Un projet hôtelier à la place de l'ancienne école Cornillon ?
Publié le 8 Août 2007
Je suis tombé un peu par hasard, c'est à dire vraiment sans chercher, sur le plan d'aménagement de la ZAC du quartier Luxembourg, tel qu'il apparaît validé par la municipalité de Jean Lyon en 1990.
Et j'ai été assez surpris de voir à quel point le quartier Luxembourg, près de 20 ans après le début de sa mise en chantier, semble fidèle aux plans originels. Semble seulement parce que quelques modifications ont été apportées depuis, sur lesquelles je vous propose de revenir, et d'autres choses...
Retour sur le projet de la ZAC Luxembourg.

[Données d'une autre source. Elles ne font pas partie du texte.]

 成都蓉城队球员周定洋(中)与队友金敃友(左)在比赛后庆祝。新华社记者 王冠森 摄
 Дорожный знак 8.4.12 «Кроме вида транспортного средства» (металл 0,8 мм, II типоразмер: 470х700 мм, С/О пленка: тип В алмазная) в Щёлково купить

Le document qui suit est une photo que j'ai fait d'un plan publié dans le Dictionnaire Topographique et Historique des Rues de Meaux - Tome 2 : le quartier du Marché (Un ouvrage remarquable sur la ville de Meaux, produit par la Société Littéraire et Historique de la Brie) - et représentant le plan programmatique des îlots de la ZAC Luxembourg, tel qu'entériné lors du conseil municipal du 4 octobre 1990. Je vous en propose une version colorisée par mes soins, pour une meilleure lecture [cliquez sur la carte pour la voir en plus grand].

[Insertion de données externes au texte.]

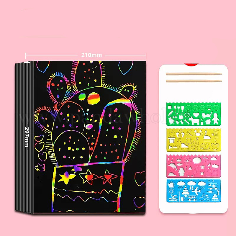 Царапина радуга живопись искусство бумага, самодельное скретч-арт, с 20 листами бумажной карты, 4шт трафареты для рисования и 2шт бамбуковые палочки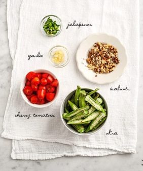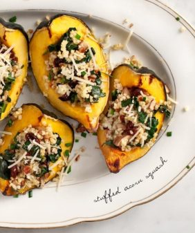 Quinoa Stuffed Acorn Squash- Spicy Seared Okra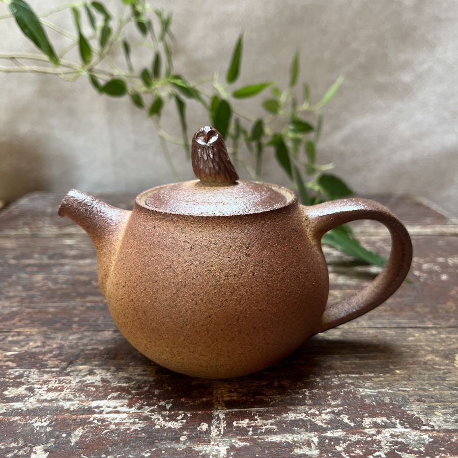 Příjemná konvička o objemu 142 ml se sovou (dřevem) pálenou. Její žíhaný povrch byl způsoben plameny ve dřevopeci, což z ní dělá jedinečného společníka při Vašem čajovém obřadu. Je vhodná zejména pro styl přípravy čaje Gong fu (více nálevů).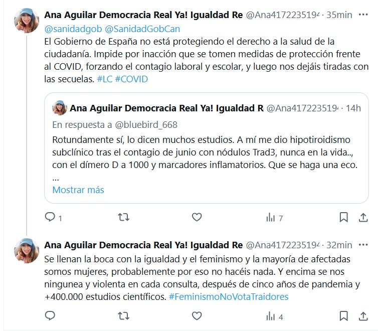 Y ASÍ EN TODOS LOS PAÍSES Ana Aguilar Democracia Real Ya! Igualdad Real Ya! @Ana417223519476 · @sanidadgob @SanidadGobCan El Gobierno de España no está protegiendo el derecho a la salud de la ciudadanía. Impide por inacción que se tomen medidas de protección frente al COVID, forzando el contagio laboral y escolar, y luego nos dejáis tiradas con las secuelas. #LC #COVID

Je reprends ici le texte de la SLHB, au sujet du projet du quartier Luxembourg. Pour information l'ouvrage fut publié en 1992.
" Le Conseil municipal, dans sa séance du 4 octobre 1990, a décidé de créer la ZAC Luxembourg et de confier l'équipement et l'aménagement de la zone, selon les stipulation d'une convention, à l'Agence Foncière et Technique de la Région Parisienne (AFTRP, note du webmaster).

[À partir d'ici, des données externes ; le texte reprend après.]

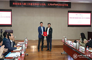首先,学校党委副书记、副校长薛庆国进行了欢迎致辞。薛庆国简要介绍了北京科技大学的创新创业育人工作情况,并聘任李泽湘教授担任学校创新创业导师。他表示,学校非常重视学生创新精神和创业能力的培养。多年来,学校机器人队在比赛中连续摘冠,获评“小平科技团队”。他希望,结合借鉴科创学院的创新创业教育模式,共同推进学校创新创业教育。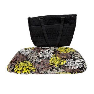 Vera Bradley Black Quilted Large Diaper Bag Changing Pad Floral Vinyl Interior

Il s'agit de substituer à l'enclave de l'ancienne caserne un quartier d'habitation qui prolonge le tissu rénové du Marché et du centre ancien.
Les objectifs poursuivis par la municipalité sont les suivants :
- répondre à la demande d'habitat sur le centre ville par une offre de logements diversifiés, dans un quartier bien relié aux autres quartiers et bien équipé ;
- à l'occasion de l'opportunité foncière que représentait la libération de l'emprise de la caserne, réaliser des équipements publics rayonnants sur le quartier et l'ensemble de l'agglomération ;
- assurer la cohérence de l'aménagement de la ZAC Luxembourg avec le quartier du Marché et ses différentes infrastructures notamment ;
- valoriser les berges de la Marne, les ouvrir au public dans une démarche de reconquête des berges du fleuve, tout en essayant de s'affranchir dans toute la mesure du possible des servitudes liées aux inondations de la Marne. " **
Si on retrouve dans le quartier d'aujourd'hui la forme des îlots du plan originel, l'ambition de mixité des fonctions sur le nouveau quartier (pensé comme une extension du Marché) fut largement remise en cause. Etaient prévus : des écoles primaires et maternelles, des bâtiments dédiés à l'enseignement supérieur, une médiathèque, des bureaux, un hôtel, un parking en silo, des commerces et activités de services, l'aménagement d'espaces publics, et enfin des bâtiments de logements collectifs. Par la suite, l'hôtel (îlot en vert sur le plan), prévu à la place de l'école Cornillon, de même que les bureaux et une partie des bâtiments d'enseignement supérieur, en alignement sur la rue Cornillon passeront à la trappe, de même qu'une grande partie des activités de services et commerces (en rez-de-chaussée), au profit de bâtiments exclusivement dédiés à l'habitat. C'est à mon sens ce qui fait de la ZAC aujourd'hui un demi échec. Pourquoi est-ce que le programme n'a pas marché, je ne l'explique pas trop, mais il est certain que le quartier et notamment sa liaison avec le Marché et avec la gare (par le pont Jean Bureau et la future passerelle), aurait du l'inscrire dans une pratique de ville de type centre-ville ! Aujourd'hui le quartier Luxembourg est bizarrement enclavé, caché derrière la médiathèque, et ne donne pas forcément envie de s'y promener. Je remets donc en cause sa "qualité" de quartier résidentiel qui au final n'a pas changé l'image du quartier de garnison qui l'a précédé (affiché comme le principal objectif de la ZAC).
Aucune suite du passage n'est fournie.